*** Raw data Section Begins ***

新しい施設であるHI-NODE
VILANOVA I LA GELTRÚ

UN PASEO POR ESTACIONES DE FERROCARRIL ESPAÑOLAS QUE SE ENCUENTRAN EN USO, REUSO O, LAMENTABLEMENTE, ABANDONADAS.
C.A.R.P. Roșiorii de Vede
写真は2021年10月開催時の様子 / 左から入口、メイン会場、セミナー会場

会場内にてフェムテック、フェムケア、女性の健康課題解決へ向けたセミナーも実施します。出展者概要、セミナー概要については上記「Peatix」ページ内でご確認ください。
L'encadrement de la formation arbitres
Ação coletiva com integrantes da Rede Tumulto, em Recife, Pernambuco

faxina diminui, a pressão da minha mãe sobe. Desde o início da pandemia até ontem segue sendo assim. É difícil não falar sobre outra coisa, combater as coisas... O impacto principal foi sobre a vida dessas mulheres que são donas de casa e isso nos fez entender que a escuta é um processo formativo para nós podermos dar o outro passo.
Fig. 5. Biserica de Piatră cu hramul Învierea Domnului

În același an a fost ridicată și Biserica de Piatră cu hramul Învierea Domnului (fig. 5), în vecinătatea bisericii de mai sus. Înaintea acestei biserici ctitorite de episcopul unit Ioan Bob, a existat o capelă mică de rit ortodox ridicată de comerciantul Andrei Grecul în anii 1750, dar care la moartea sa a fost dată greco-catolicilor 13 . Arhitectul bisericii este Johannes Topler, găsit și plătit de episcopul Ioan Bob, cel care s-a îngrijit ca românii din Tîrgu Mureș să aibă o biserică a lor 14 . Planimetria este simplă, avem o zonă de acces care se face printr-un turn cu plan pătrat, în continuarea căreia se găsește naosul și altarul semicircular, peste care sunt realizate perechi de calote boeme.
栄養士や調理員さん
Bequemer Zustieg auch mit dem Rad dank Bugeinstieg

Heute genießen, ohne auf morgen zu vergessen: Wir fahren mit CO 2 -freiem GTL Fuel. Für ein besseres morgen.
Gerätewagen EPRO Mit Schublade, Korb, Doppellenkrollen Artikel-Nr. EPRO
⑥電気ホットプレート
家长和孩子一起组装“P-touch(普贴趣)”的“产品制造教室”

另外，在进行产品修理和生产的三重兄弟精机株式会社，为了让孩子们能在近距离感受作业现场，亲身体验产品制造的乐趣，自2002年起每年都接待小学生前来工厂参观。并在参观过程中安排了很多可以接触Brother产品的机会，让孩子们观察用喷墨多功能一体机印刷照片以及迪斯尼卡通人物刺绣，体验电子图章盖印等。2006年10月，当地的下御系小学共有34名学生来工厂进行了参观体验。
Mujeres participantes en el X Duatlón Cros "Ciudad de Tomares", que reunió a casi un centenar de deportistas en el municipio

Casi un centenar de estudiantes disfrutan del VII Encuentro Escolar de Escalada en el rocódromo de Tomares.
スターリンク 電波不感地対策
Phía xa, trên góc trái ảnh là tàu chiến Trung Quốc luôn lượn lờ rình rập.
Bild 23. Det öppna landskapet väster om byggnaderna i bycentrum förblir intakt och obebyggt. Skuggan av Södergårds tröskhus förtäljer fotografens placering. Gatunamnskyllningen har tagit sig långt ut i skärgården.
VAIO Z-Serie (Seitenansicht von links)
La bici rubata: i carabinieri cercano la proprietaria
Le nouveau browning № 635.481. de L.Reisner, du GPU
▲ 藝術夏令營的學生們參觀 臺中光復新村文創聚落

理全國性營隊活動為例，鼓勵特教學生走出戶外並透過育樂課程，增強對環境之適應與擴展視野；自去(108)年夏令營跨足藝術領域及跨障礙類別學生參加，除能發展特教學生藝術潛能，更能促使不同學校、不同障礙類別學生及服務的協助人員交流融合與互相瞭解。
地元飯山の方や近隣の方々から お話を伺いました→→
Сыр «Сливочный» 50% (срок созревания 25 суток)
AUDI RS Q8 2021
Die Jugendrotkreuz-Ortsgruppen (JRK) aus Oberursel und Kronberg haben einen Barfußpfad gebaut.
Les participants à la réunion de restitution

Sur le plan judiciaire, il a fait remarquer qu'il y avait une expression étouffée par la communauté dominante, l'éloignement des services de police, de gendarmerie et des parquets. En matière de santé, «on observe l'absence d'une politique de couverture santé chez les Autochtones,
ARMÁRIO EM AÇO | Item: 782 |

*** Raw data Section Ends ***

The task:
The whole listing above should be copied out exactly, line by line.

Result:
新しい施設であるHI-NODE
VILANOVA I LA GELTRÚ

UN PASEO POR ESTACIONES DE FERROCARRIL ESPAÑOLAS QUE SE ENCUENTRAN EN USO, REUSO O, LAMENTABLEMENTE, ABANDONADAS.
C.A.R.P. Roșiorii de Vede
写真は2021年10月開催時の様子 / 左から入口、メイン会場、セミナー会場

会場内にてフェムテック、フェムケア、女性の健康課題解決へ向けたセミナーも実施します。出展者概要、セミナー概要については上記「Peatix」ページ内でご確認ください。
L'encadrement de la formation arbitres
Ação coletiva com integrantes da Rede Tumulto, em Recife, Pernambuco

faxina diminui, a pressão da minha mãe sobe. Desde o início da pandemia até ontem segue sendo assim. É difícil não falar sobre outra coisa, combater as coisas... O impacto principal foi sobre a vida dessas mulheres que são donas de casa e isso nos fez entender que a escuta é um processo formativo para nós podermos dar o outro passo.
Fig. 5. Biserica de Piatră cu hramul Învierea Domnului

În același an a fost ridicată și Biserica de Piatră cu hramul Învierea Domnului (fig. 5), în vecinătatea bisericii de mai sus. Înaintea acestei biserici ctitorite de episcopul unit Ioan Bob, a existat o capelă mică de rit ortodox ridicată de comerciantul Andrei Grecul în anii 1750, dar care la moartea sa a fost dată greco-catolicilor 13 . Arhitectul bisericii este Johannes Topler, găsit și plătit de episcopul Ioan Bob, cel care s-a îngrijit ca românii din Tîrgu Mureș să aibă o biserică a lor 14 . Planimetria este simplă, avem o zonă de acces care se face printr-un turn cu plan pătrat, în continuarea căreia se găsește naosul și altarul semicircular, peste care sunt realizate perechi de calote boeme.
栄養士や調理員さん
Bequemer Zustieg auch mit dem Rad dank Bugeinstieg

Heute genießen, ohne auf morgen zu vergessen: Wir fahren mit CO 2 -freiem GTL Fuel. Für ein besseres morgen.
Gerätewagen EPRO Mit Schublade, Korb, Doppellenkrollen Artikel-Nr. EPRO
⑥電気ホットプレート
家长和孩子一起组装“P-touch(普贴趣)”的“产品制造教室”

另外，在进行产品修理和生产的三重兄弟精机株式会社，为了让孩子们能在近距离感受作业现场，亲身体验产品制造的乐趣，自2002年起每年都接待小学生前来工厂参观。并在参观过程中安排了很多可以接触Brother产品的机会，让孩子们观察用喷墨多功能一体机印刷照片以及迪斯尼卡通人物刺绣，体验电子图章盖印等。2006年10月，当地的下御系小学共有34名学生来工厂进行了参观体验。
Mujeres participantes en el X Duatlón Cros "Ciudad de Tomares", que reunió a casi un centenar de deportistas en el municipio

Casi un centenar de estudiantes disfrutan del VII Encuentro Escolar de Escalada en el rocódromo de Tomares.
スターリンク 電波不感地対策
Phía xa, trên góc trái ảnh là tàu chiến Trung Quốc luôn lượn lờ rình rập.
Bild 23. Det öppna landskapet väster om byggnaderna i bycentrum förblir intakt och obebyggt. Skuggan av Södergårds tröskhus förtäljer fotografens placering. Gatunamnskyllningen har tagit sig långt ut i skärgården.
VAIO Z-Serie (Seitenansicht von links)
La bici rubata: i carabinieri cercano la proprietaria
Le nouveau browning № 635.481. de L.Reisner, du GPU
▲ 藝術夏令營的學生們參觀 臺中光復新村文創聚落

理全國性營隊活動為例，鼓勵特教學生走出戶外並透過育樂課程，增強對環境之適應與擴展視野；自去(108)年夏令營跨足藝術領域及跨障礙類別學生參加，除能發展特教學生藝術潛能，更能促使不同學校、不同障礙類別學生及服務的協助人員交流融合與互相瞭解。
地元飯山の方や近隣の方々から お話を伺いました→→
Сыр «Сливочный» 50% (срок созревания 25 суток)
AUDI RS Q8 2021
Die Jugendrotkreuz-Ortsgruppen (JRK) aus Oberursel und Kronberg haben einen Barfußpfad gebaut.
Les participants à la réunion de restitution

Sur le plan judiciaire, il a fait remarquer qu'il y avait une expression étouffée par la communauté dominante, l'éloignement des services de police, de gendarmerie et des parquets. En matière de santé, «on observe l'absence d'une politique de couverture santé chez les Autochtones,
ARMÁRIO EM AÇO | Item: 782 |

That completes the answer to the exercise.